- **REQUIRED WORK**
The entries shown below should be output exactly as they appear.

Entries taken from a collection
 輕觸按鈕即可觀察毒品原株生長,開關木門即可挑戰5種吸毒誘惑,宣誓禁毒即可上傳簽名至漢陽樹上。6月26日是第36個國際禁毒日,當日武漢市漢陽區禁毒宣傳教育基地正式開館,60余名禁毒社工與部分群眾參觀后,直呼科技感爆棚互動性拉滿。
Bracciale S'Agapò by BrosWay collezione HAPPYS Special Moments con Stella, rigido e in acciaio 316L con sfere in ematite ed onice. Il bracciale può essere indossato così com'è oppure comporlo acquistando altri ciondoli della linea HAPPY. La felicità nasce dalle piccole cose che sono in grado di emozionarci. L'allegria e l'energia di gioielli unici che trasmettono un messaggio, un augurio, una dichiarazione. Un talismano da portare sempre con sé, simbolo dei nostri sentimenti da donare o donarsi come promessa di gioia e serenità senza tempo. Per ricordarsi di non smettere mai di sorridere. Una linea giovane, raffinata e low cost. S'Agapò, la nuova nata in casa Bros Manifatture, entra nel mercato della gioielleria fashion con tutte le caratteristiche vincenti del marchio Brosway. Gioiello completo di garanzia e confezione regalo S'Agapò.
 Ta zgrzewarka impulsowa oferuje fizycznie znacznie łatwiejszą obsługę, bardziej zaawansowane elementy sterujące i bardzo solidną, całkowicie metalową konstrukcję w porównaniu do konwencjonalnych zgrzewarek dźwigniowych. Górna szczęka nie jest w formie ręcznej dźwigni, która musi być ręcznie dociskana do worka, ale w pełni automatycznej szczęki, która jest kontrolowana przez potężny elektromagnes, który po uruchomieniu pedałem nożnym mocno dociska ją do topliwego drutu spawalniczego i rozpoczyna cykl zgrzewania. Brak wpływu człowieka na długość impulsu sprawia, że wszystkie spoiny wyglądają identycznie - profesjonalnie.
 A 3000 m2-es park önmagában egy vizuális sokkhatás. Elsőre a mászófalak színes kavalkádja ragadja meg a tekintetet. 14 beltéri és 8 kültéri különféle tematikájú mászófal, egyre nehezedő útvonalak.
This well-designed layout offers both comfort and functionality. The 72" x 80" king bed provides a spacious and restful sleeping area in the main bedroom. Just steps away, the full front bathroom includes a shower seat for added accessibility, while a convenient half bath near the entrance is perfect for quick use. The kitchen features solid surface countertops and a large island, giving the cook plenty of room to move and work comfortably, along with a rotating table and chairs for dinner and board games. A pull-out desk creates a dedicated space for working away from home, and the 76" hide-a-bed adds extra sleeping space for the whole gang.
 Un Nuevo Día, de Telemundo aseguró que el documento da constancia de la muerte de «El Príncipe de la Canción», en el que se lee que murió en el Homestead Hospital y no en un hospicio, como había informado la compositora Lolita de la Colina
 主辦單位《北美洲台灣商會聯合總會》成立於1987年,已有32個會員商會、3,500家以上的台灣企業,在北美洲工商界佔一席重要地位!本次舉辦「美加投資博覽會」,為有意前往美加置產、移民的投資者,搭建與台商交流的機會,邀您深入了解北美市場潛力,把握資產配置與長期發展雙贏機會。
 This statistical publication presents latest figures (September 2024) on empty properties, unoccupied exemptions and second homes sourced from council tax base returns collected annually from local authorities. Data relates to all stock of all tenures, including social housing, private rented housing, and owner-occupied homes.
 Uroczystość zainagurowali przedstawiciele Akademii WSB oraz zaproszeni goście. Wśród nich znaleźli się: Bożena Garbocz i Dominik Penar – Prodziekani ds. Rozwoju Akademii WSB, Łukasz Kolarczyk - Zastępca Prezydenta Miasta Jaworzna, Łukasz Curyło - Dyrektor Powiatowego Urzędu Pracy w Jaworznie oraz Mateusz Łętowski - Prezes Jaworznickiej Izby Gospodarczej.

- **TASK ANSWER**
 輕觸按鈕即可觀察毒品原株生長,開關木門即可挑戰5種吸毒誘惑,宣誓禁毒即可上傳簽名至漢陽樹上。6月26日是第36個國際禁毒日,當日武漢市漢陽區禁毒宣傳教育基地正式開館,60余名禁毒社工與部分群眾參觀后,直呼科技感爆棚互動性拉滿。
Bracciale S'Agapò by BrosWay collezione HAPPYS Special Moments con Stella, rigido e in acciaio 316L con sfere in ematite ed onice. Il bracciale può essere indossato così com'è oppure comporlo acquistando altri ciondoli della linea HAPPY. La felicità nasce dalle piccole cose che sono in grado di emozionarci. L'allegria e l'energia di gioielli unici che trasmettono un messaggio, un augurio, una dichiarazione. Un talismano da portare sempre con sé, simbolo dei nostri sentimenti da donare o donarsi come promessa di gioia e serenità senza tempo. Per ricordarsi di non smettere mai di sorridere. Una linea giovane, raffinata e low cost. S'Agapò, la nuova nata in casa Bros Manifatture, entra nel mercato della gioielleria fashion con tutte le caratteristiche vincenti del marchio Brosway. Gioiello completo di garanzia e confezione regalo S'Agapò.
 Ta zgrzewarka impulsowa oferuje fizycznie znacznie łatwiejszą obsługę, bardziej zaawansowane elementy sterujące i bardzo solidną, całkowicie metalową konstrukcję w porównaniu do konwencjonalnych zgrzewarek dźwigniowych. Górna szczęka nie jest w formie ręcznej dźwigni, która musi być ręcznie dociskana do worka, ale w pełni automatycznej szczęki, która jest kontrolowana przez potężny elektromagnes, który po uruchomieniu pedałem nożnym mocno dociska ją do topliwego drutu spawalniczego i rozpoczyna cykl zgrzewania. Brak wpływu człowieka na długość impulsu sprawia, że wszystkie spoiny wyglądają identycznie - profesjonalnie.
 A 3000 m2-es park önmagában egy vizuális sokkhatás. Elsőre a mászófalak színes kavalkádja ragadja meg a tekintetet. 14 beltéri és 8 kültéri különféle tematikájú mászófal, egyre nehezedő útvonalak.
This well-designed layout offers both comfort and functionality. The 72" x 80" king bed provides a spacious and restful sleeping area in the main bedroom. Just steps away, the full front bathroom includes a shower seat for added accessibility, while a convenient half bath near the entrance is perfect for quick use. The kitchen features solid surface countertops and a large island, giving the cook plenty of room to move and work comfortably, along with a rotating table and chairs for dinner and board games. A pull-out desk creates a dedicated space for working away from home, and the 76" hide-a-bed adds extra sleeping space for the whole gang.
 Un Nuevo Día, de Telemundo aseguró que el documento da constancia de la muerte de «El Príncipe de la Canción», en el que se lee que murió en el Homestead Hospital y no en un hospicio, como había informado la compositora Lolita de la Colina
 主辦單位《北美洲台灣商會聯合總會》成立於1987年,已有32個會員商會、3,500家以上的台灣企業,在北美洲工商界佔一席重要地位!本次舉辦「美加投資博覽會」,為有意前往美加置產、移民的投資者,搭建與台商交流的機會,邀您深入了解北美市場潛力,把握資產配置與長期發展雙贏機會。
 This statistical publication presents latest figures (September 2024) on empty properties, unoccupied exemptions and second homes sourced from council tax base returns collected annually from local authorities. Data relates to all stock of all tenures, including social housing, private rented housing, and owner-occupied homes.
 Uroczystość zainagurowali przedstawiciele Akademii WSB oraz zaproszeni goście. Wśród nich znaleźli się: Bożena Garbocz i Dominik Penar – Prodziekani ds. Rozwoju Akademii WSB, Łukasz Kolarczyk - Zastępca Prezydenta Miasta Jaworzna, Łukasz Curyło - Dyrektor Powiatowego Urzędu Pracy w Jaworznie oraz Mateusz Łętowski - Prezes Jaworznickiej Izby Gospodarczej.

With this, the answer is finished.